Я скептически оглядел окружающую меня черноту.

— А сейчас мы где?

— Нигде, — ответила богиня, и я поперхнулся. — Это то, что вы называете небытие. Нечто, где нет ни времени, ни пространства. Просто ничто.

Может, она меня все-таки дурит, и имя ей — Смерть?

— И что же будет дальше?

— Ты вернешься к своим близким и будешь жить, как жил. Но есть и отличие. Сегодня ночью благодаря пробуждению богов болезнь исчезла, и купол с Мелизоры спал. Я не могла допустить, чтобы здешние порядки перемешались с другими, потому переместила ее в другое, параллельное пространство. Возможно, когда-нибудь в будущем эти миры вновь пересекутся, но произойдет это нескоро, очень нескоро.

— Значит, никто не сможет покинуть острова или приехать сюда? Ни звонков, ни связи, ни встреч?

— Совершенно верно. Теперь все вы, прибывшие с Большой земли, стали истинными мелизорцами.

Не могу сказать, что эта новость меня обрадовала. С другой стороны, почему бы нет? Все, кто мне дорог — здесь. На той стороне у меня никого не осталось, разве что Миха. Но теперь, когда мир избавлен от синдрома, у него все будет хорошо.

— А ты не боишься отпускать меня? Вдруг, вернувшись, я опять призову Нариэля?

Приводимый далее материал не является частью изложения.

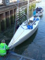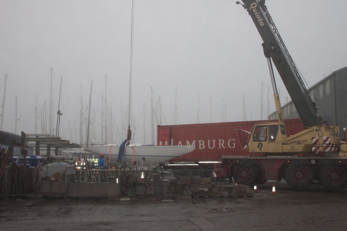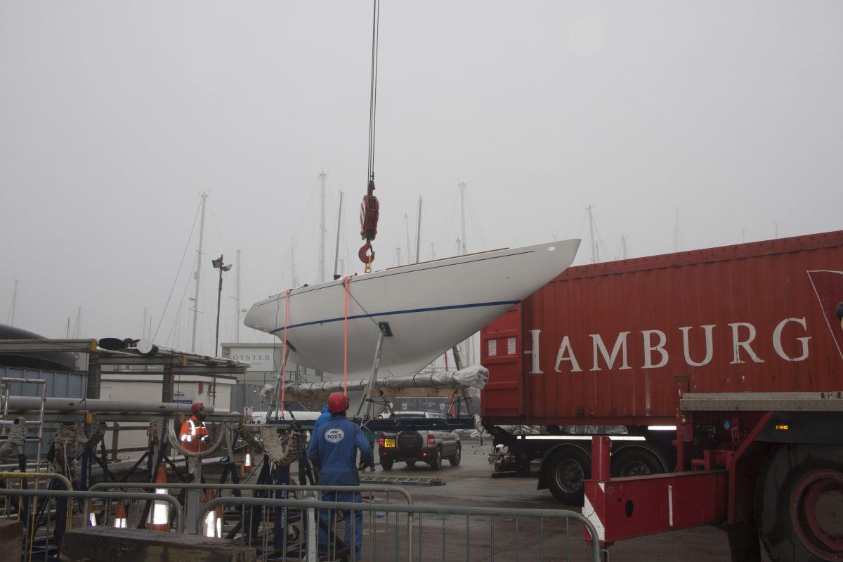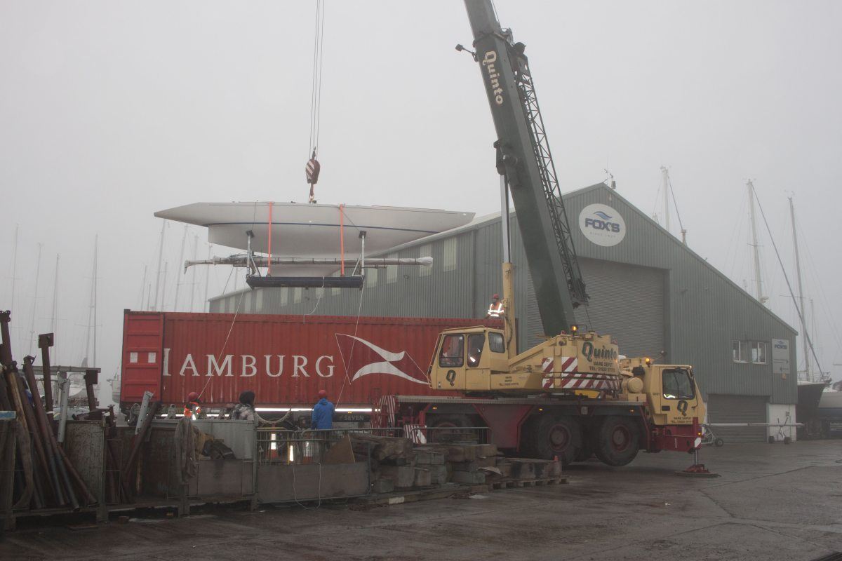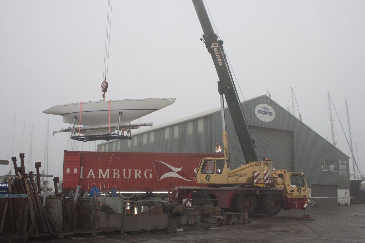 With support from Fox’s Rigging and our Marina team, weighing, launching, commissioning and initial sailing trials were completed during a chilly January, before she was carefully loaded into her custom transport container and shipped to San Francisco where she will join the San Francisco 6-Metre fleet for the 2017 season.

— Не сможешь, — в голосе богини мне почудилась теплая улыбка. — Амулет выполнил свою функцию и на много лет стал бесполезной побрякушкой. Так что ты теперь не люмен. И не морок — я снимаю с тебя это бремя. Живи спокойно. Ты больше не в ответе за Мелизору. Прощай!

Эпилог

Послышался характерный щелчок, и из возникшего перед храмом портала появилась зеленая физиономия.

— Ба, неужто сам Элмер Цветосердый решил проведать старика?! — воскликнул я и, раскинув руки, двинулся навстречу гостю.

— Не преувеличивай, я старше тебя на двенадцать лет, — улыбнулся он и сгреб меня в охапку своими огромными лапищами.

— Ну, у вас, флогеронов, это по-другому, вон, ни одной седой волосинки нет, — засмеялся я, высвободившись из дружеского капкана. — Как, кстати, поживает новоиспеченный Мугду? Почему ты оставил его без своей мудрой опеки?

Губы бывшего старосты снова растянулись в улыбке.

— Похоже, Лугдес для тебя навсегда останется мальчиком-с-пальчик. Ты же сам видел, он уже давно выше меня на голову и в полтора раза шире в плечах.

Это да, после того, как Элмер смог возродить Матерь Живых, флогероны-лилипуты остались только в легендах, и лесной народ, как и прежде, стал жить в гармонии с природой. А самом начале, конечно, было сложно. Помню, как мы вырубали агрессивные цветы по всему Флогину. Они так привыкли жрать двуногих, что пришлось их уничтожить.

Сам же Элмер стал для соплеменников не просто шаманом, а чем-то вроде полубога, даже большим, чем Кадис Древорукий. Элмер Цветосердый. Звучит. Да, любят флогероны растительные имена. С Кадисом все понятно, а вот почему они так прозвали моего друга? Может быть, потому, что он с рождения носил у сердца талисман с волшебными семенами?